Information supplied.
#####

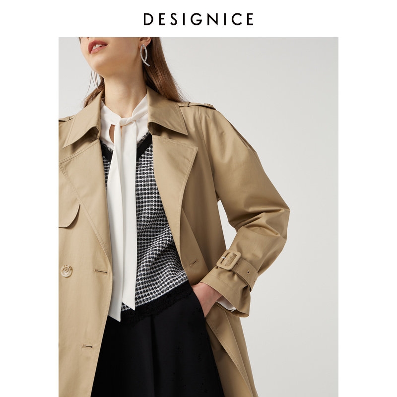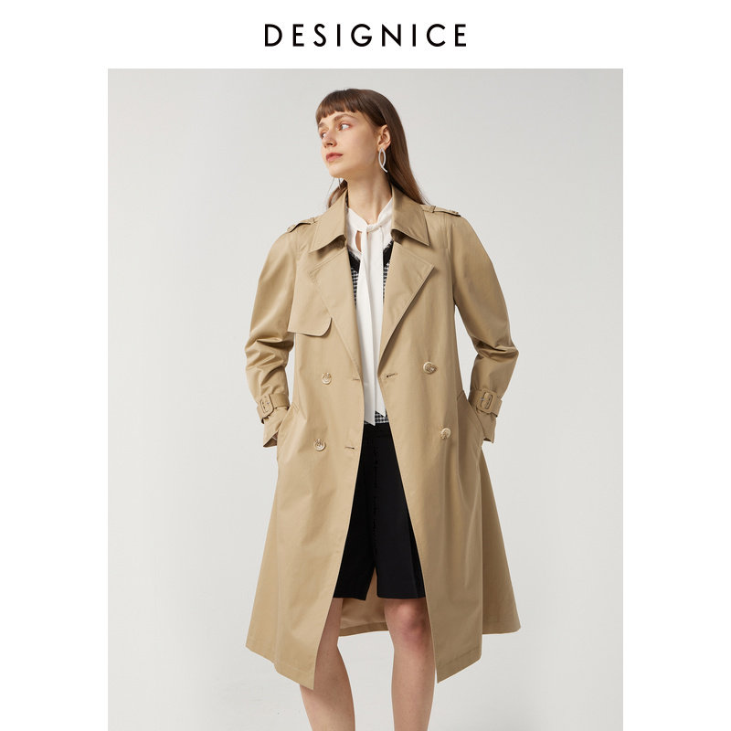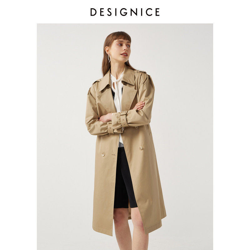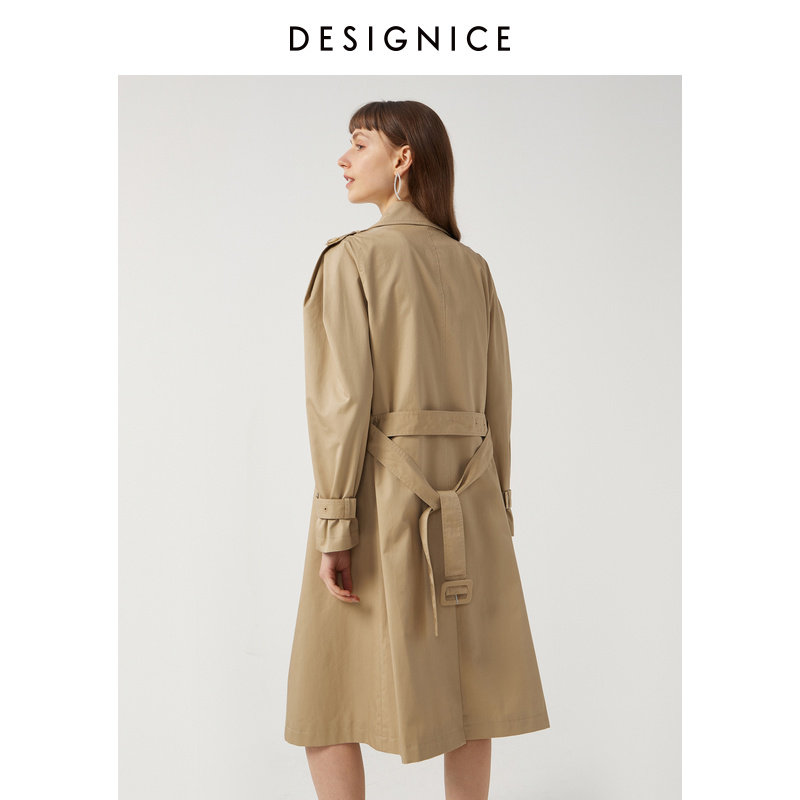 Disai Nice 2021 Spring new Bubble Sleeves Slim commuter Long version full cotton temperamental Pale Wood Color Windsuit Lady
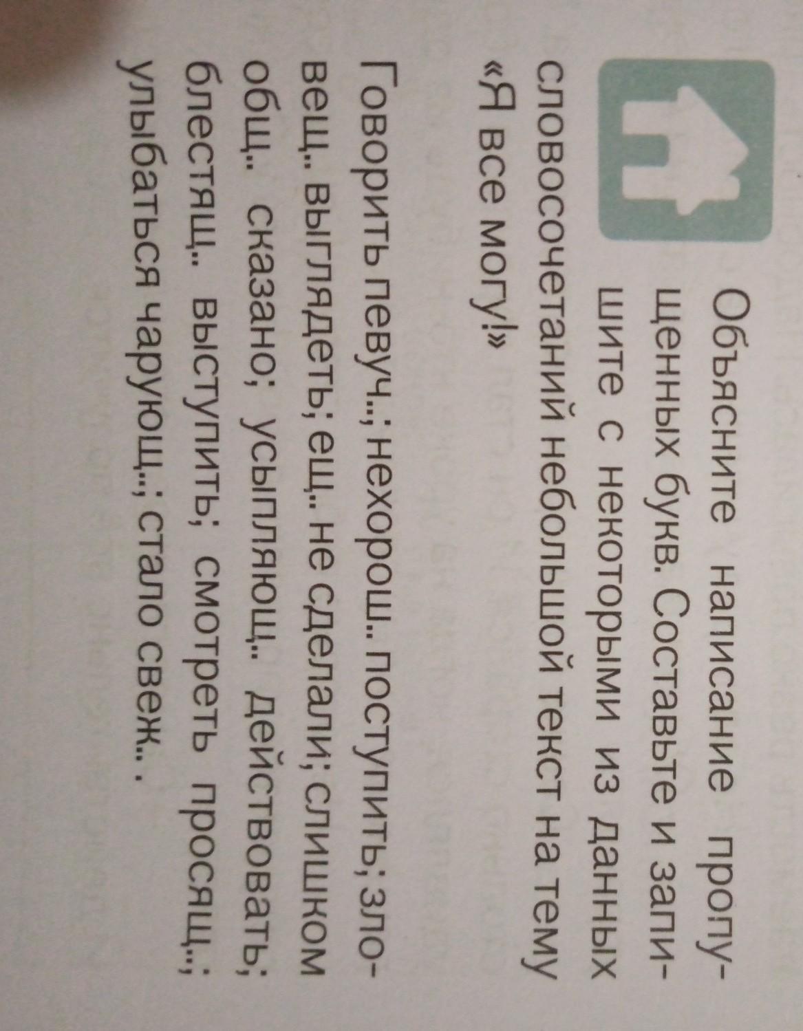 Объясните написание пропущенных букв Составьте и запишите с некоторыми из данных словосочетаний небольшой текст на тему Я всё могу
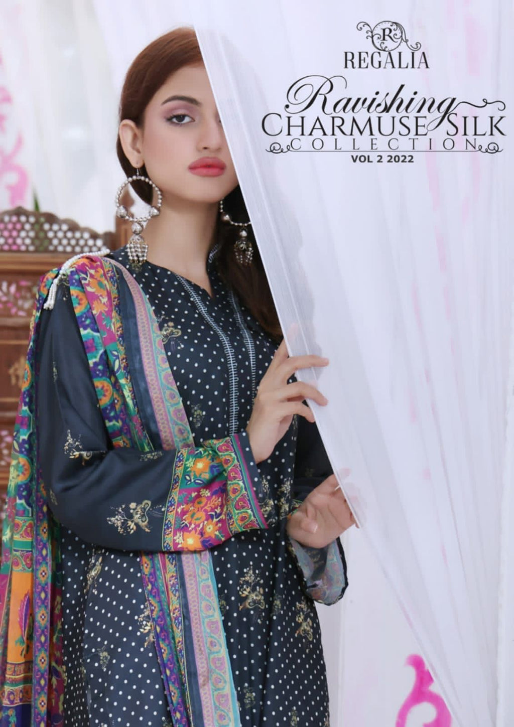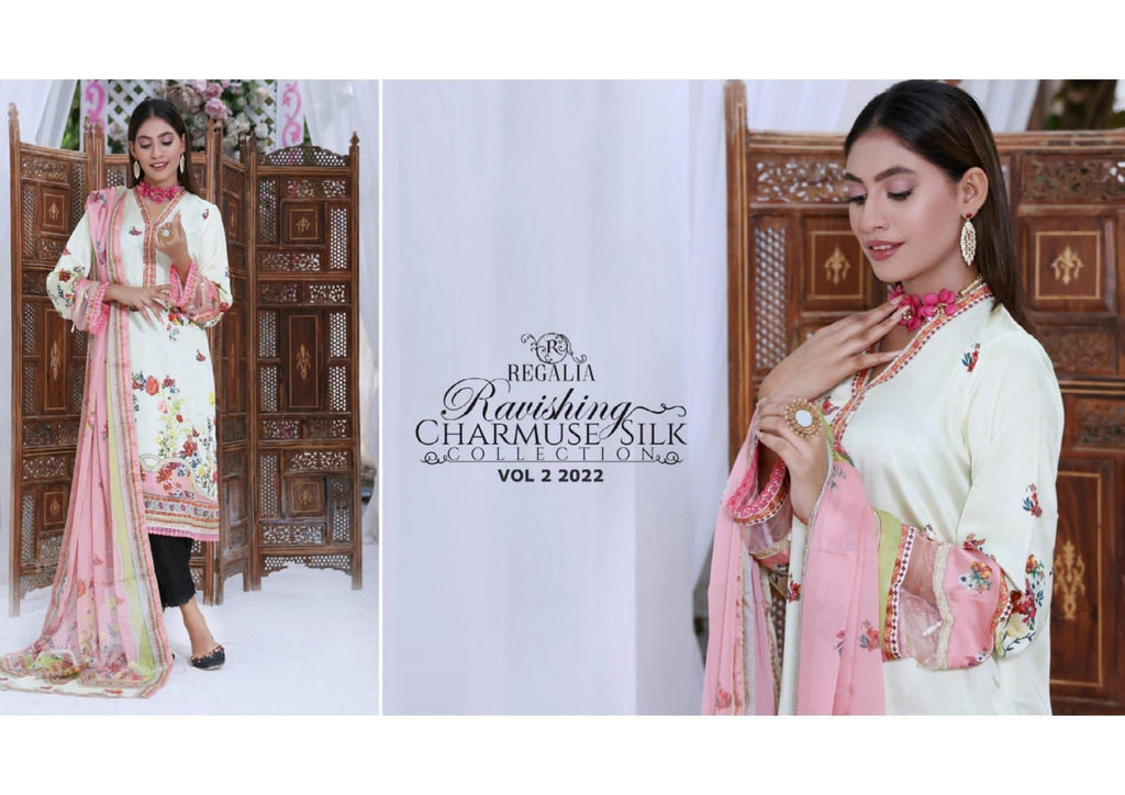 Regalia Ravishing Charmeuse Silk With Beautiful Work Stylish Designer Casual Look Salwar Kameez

#####

Exercise details. Output the data exactly, pictures omitted.

Answer to the problem.
 Disai Nice 2021 Spring new Bubble Sleeves Slim commuter Long version full cotton temperamental Pale Wood Color Windsuit Lady
 Объясните написание пропущенных букв Составьте и запишите с некоторыми из данных словосочетаний небольшой текст на тему Я всё могу
 Regalia Ravishing Charmeuse Silk With Beautiful Work Stylish Designer Casual Look Salwar Kameez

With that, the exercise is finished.